Seven months later, Correzente's consigliore Benito "Benny the Bull" Torreos summons Bracken to Correzente, who is dying and wishes to ask Bracken a question. Torreos informs Bracken that Norma has died in childbirth. Knowing that he will be hunted down if he refuses, Bracken visits Correzente, who informs him that he suffered a stroke while attempting to impregnate Norma, then later suffered a second, larger, stroke while arguing with her. Norma in turn injured herself while running to summon help, leading to her own death during labour. Correzente expresses suspicion that the baby - which is in an incubator - has blue eyes, despite both he and Norma having brown eyes. Bracken rejects the implication that he is the father, saying "I have my own belly.
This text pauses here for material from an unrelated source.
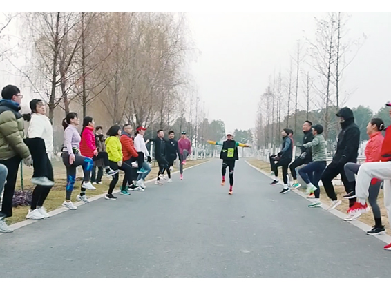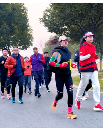上午7:40,伴隨著華米“躍我”跑團(tuán)團(tuán)長(zhǎng)蒯家銀的一聲“開跑”的號(hào)令,新年跑活動(dòng)正式拉開序幕。蒯團(tuán)長(zhǎng)擁有多年的跑步經(jīng)驗(yàn),累計(jì)參加馬拉松賽事超150場(chǎng),去年累計(jì)里程超5000公里,擔(dān)任國(guó)內(nèi)多場(chǎng)賽事的官方配速員,具有非常專業(yè)的跑步知識(shí)與經(jīng)驗(yàn)。蒯團(tuán)長(zhǎng)根據(jù)大家的狀態(tài),不斷的調(diào)整跑步的速度、節(jié)奏,并不時(shí)的提醒大家的安全細(xì)節(jié)。團(tuán)跑的同事們感到了前所未有的輕松、暢快?;顒?dòng)進(jìn)行得如火如荼,整個(gè)蜀西湖仿佛都被熱情和活力所包圍。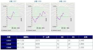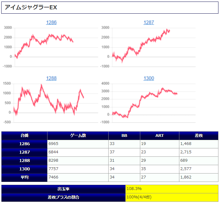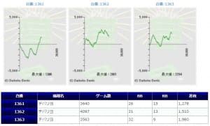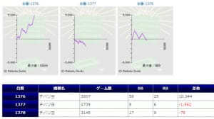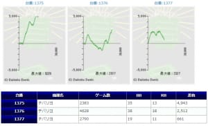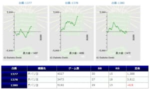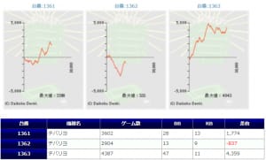 全体的に稼働も高く、平均差枚+1,413枚、出率109.2%、勝率70%(21/30台)と非常に素晴らしい結果だったと思います。

Do you think I would take my own leavings?" and that the baby's eyes will turn brown, though Correzente will not live to see it.

== Publication ==
One of a series of stories that King submitted to "low rent" men's magazines during the 1970s both as a means of earning extra money and to get his name in print, "Man With a Belly" was originally published in Cavalier in December 1978. It was later published in the November/December 1979 issues of Gent. Writing in 1998, Stephen J. Spignesi described "Man With a Belly" as one of King's "lost works", stating that finding a copy would be "extremely difficult" as the story "has only appeared in print twice and neither of the men's magazines where it was published (the raunchy journals Cavalier and Gent) are archived in libraries". Writing in 2014, Michael A. Perry and Patrick McAleer also described "Man With a Belly" as one of King's "lost works". In 2017, "Man With a Belly" was to be included in the crime anthology Killer Crimes edited by Richard Chizmar and Brian James Freeman. However, as of November 2025, Killer Crimes had yet to be published. As of 2022, "Man With a Belly" had not been collected in a book by King, or adapted.

== Reception ==
Rocky Wood considers that the story "has some plot holes and is somewhat unsatisfying" but felt that "all three main characters are conceptually interesting and the storyline bold". Tyson Blue considers the story to lack "King's trademark characteristics of good storytelling and characterization". James Van Hise states that the story "takes some odd turns [...] but crumbles into pointlessness at the end. If it's supposed to be a character study of the cold-blooded, heartless hitman, it just doesn't gel." Patrick McAleer suggests that the story "serves as an example of [King's] critical eye on social and cultural norms".

Stephen J. Spignesi notes "Man With a Belly" as an example of King's "forays into the 'crime story' genre". Michael R. Collings describes "Man With a Belly" as "a tale of murder and revenge, with over-tones of gangster society that foreshadows Thinner's Ginelli".